Proteste in Bayern Lehrer ist kein Traumjob mehr DIRK WALTER

Proteste in Bayern. Lehrer ist kein Traumjob mehr .

DIRK WALTER

Es muss schon viel passieren, damit Beamte auf die Straße gehen. Nun ist es so weit: Die Grundschullehrer sind richtig sauer auf die bayerische Politik. Nicht zu Unrecht. Denn sie müssen mit Mehrarbeit und Pensions-Streichungen für die (in diesem Punkt) schlechte Bildungspolitik der bayerischen Staatsregierung büßen. Es ist die erste echte Belastungsprobe für Kultusminister Piazolo. So richtig rund läuft es nicht für ihn. Gewiss, dass es nun einen Mangel an Grundschullehrern gibt, hat auch mit Versäumnissen seiner Vorgänger von der CSU zu tun. Man hat zu wenig Grundschullehrer ausgebildet und zu wenig für den Job geworben. Er ist auch bis heute schlechter bezahlt als etwa eine Lehrerstelle am Gymnasium.

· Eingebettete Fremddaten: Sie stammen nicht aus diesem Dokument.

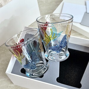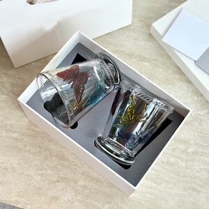 浮雕彩绘玻璃杯高透亮水晶杯手绘花纹耐高温咖啡杯欧式轻奢礼盒装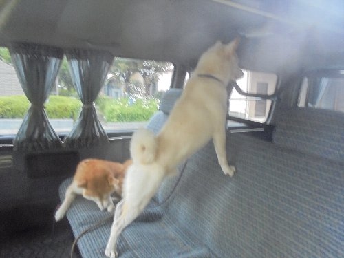 ダッシュで車に戻ってきますが、その後は犬それぞれです。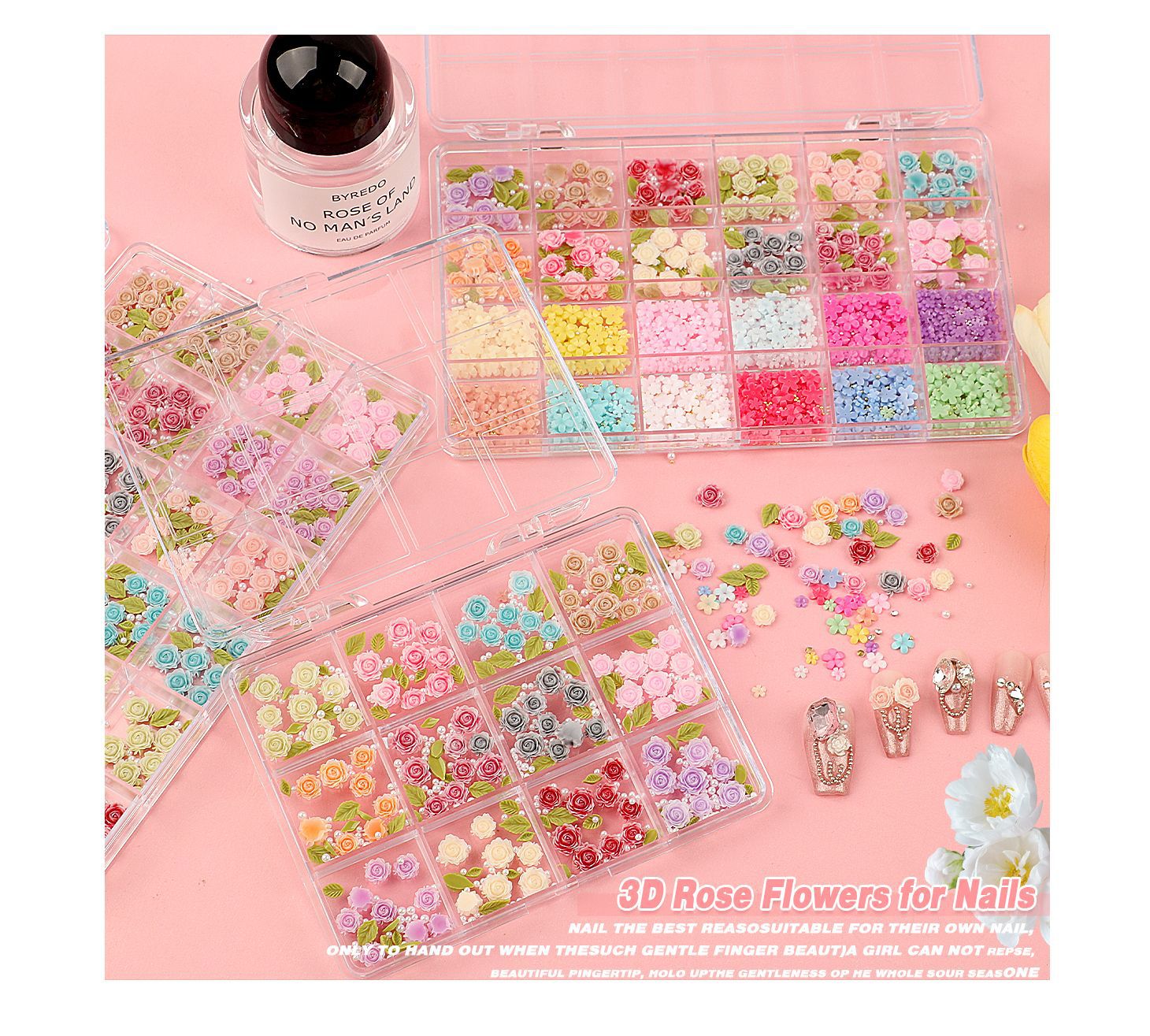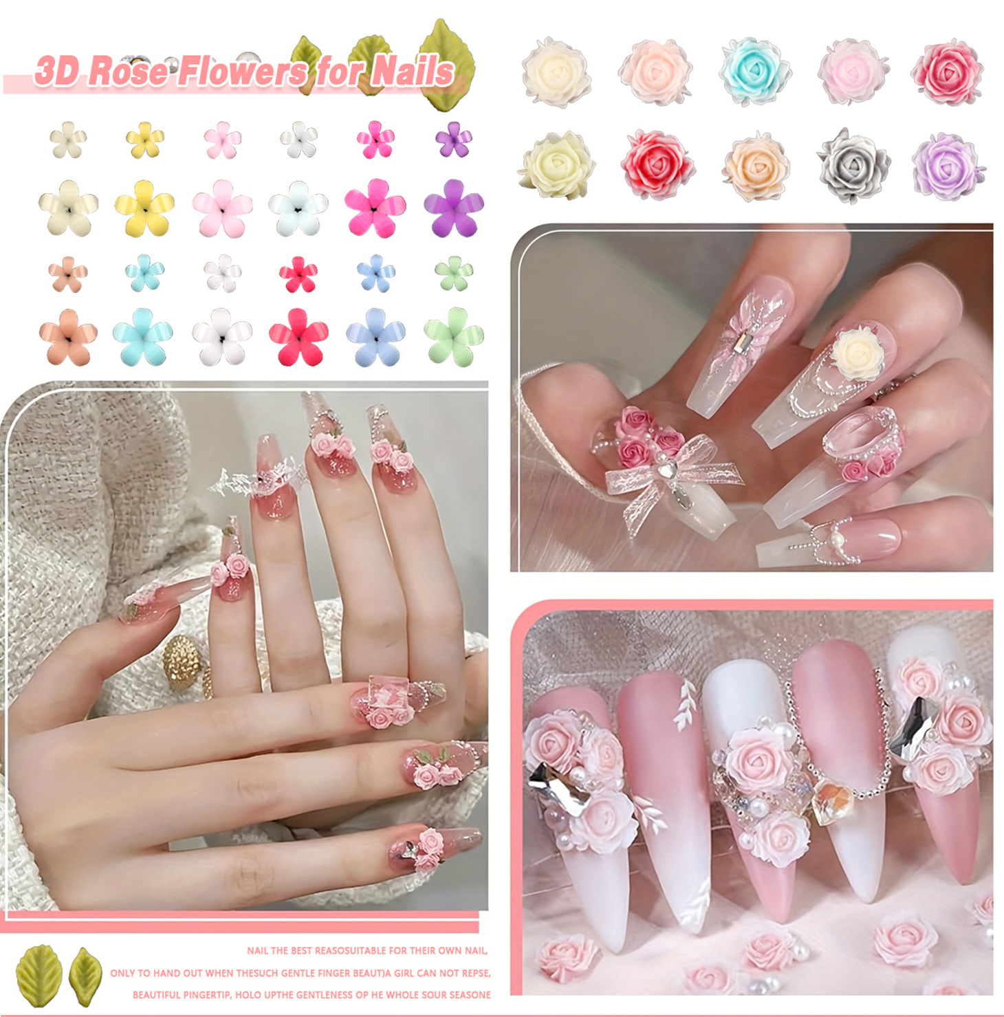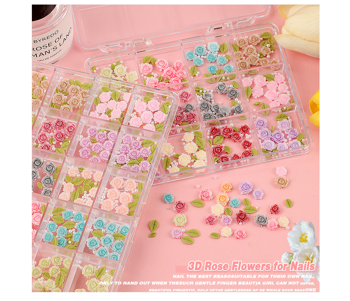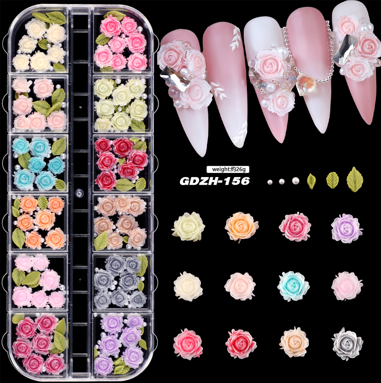 山茶花美甲饰品2025新款网红玫瑰花立体混装树脂穿戴甲装饰品批发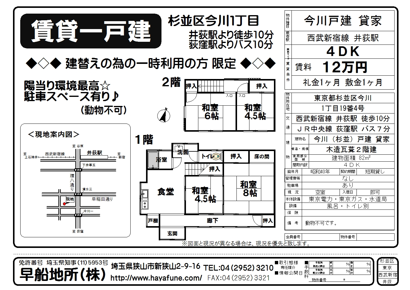 ◆■◆ 建替えによる一時利用目的の方 限定 ◆■◆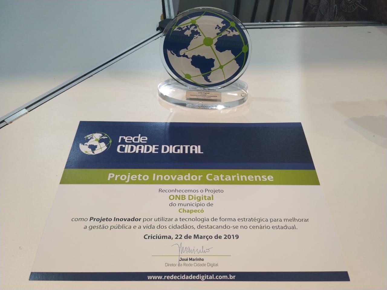 O Ouvindo Nosso Bairro Digital,ferramenta desenvolvida para aproximar o cidadão e o poder público, foi reconhecido nesta sexta-feira (22), como Projeto Inovador de Santa Catarina. A premiação aconteceu durante o 4º Congresso Catarinense de Cidades Digitais, realizado na Associação Empresarial de Criciúma (ACIC) no Sul do Estado. Além de Chapecó, outras três cidades também receberam a premiação. O evento é promovido pela Rede Cidade Digital, iniciativa em parceira com Prefeituras e Associações de Municípios. Além deste, na quinta-feira (21), o Prefeito Luciano Buligon recebeu o título de Prefeito Inovador do Estado pela iniciativa do ONB Digital e Aprova Digital.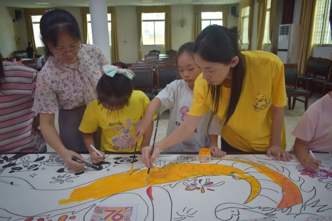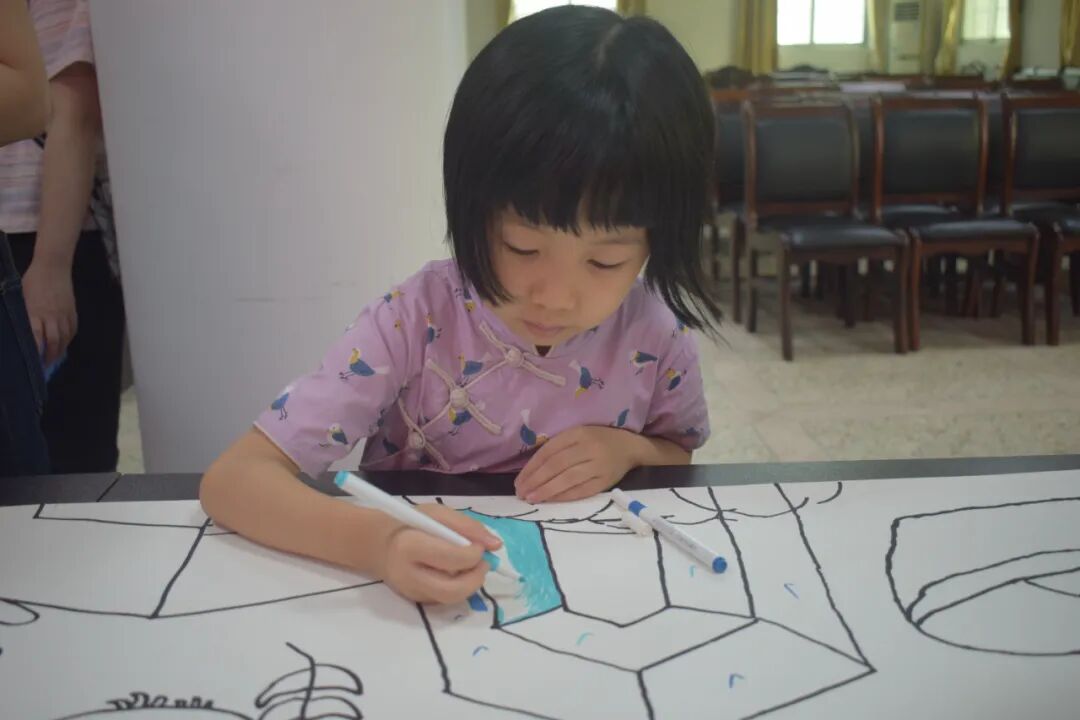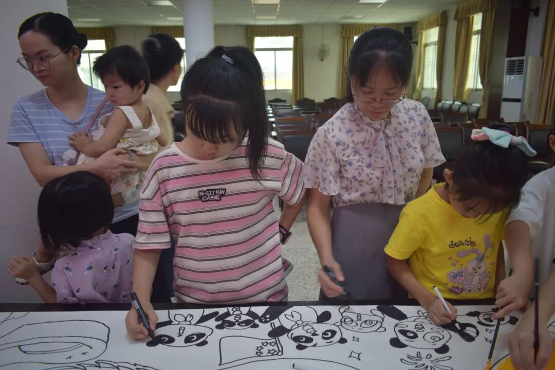 活动的压轴环节是 “手绘中华梦,我的祖国绘画长卷”。孩子与家长一同围在长卷旁,手持画笔尽情创作:有的专注勾勒亭台楼阁等传统建筑,有的认真画下象征和平的和平鸽,还有的在画卷上细致描绘出威严的龙与飘逸的祥云......大家分工协作、相互配合,完成了一幅色彩斑斓、充满童趣与爱国情怀的长卷。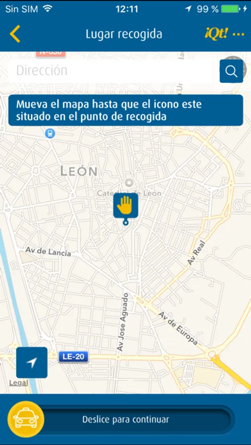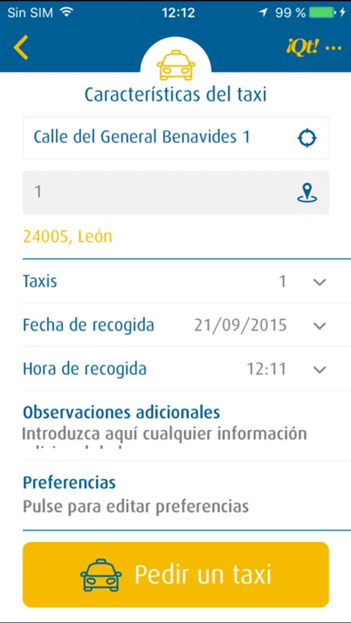 La aplicación te permite seleccionar tu posición en el mapa, indicar calle y punto de referencia cercano y solicitar tu taxi en el momento o bien hacer una reserva en el mismo día o para días posteriores.

All das lässt sich nicht schnell ändern. Aber Piazolo muss sich auch Managementfehler vorhalten lassen. Er und sein Haus haben die Wut der Lehrer unterschätzt. Nun stellt er unter Druck Entlastungen in Aussicht. Die angekündigten Maßnahmen wie etwa eine Reduzierung der Probenanzahl an den Grundschulen (und damit weniger Korrekturaufwand) mögen ja sinnvoll sein. Doch jetzt schaut das nach einem durchsichtigen Manöver aus, um den Lehrergroll zu besänftigen. Der Lehrerberuf ist kein Traumjob (mehr). Das ist das eigentliche Problem. Schon das überreglementierte und langwierige Studium sowie die schikanöse Referendariatszeit schrecken viele ab. Auch hier muss Entlastung her.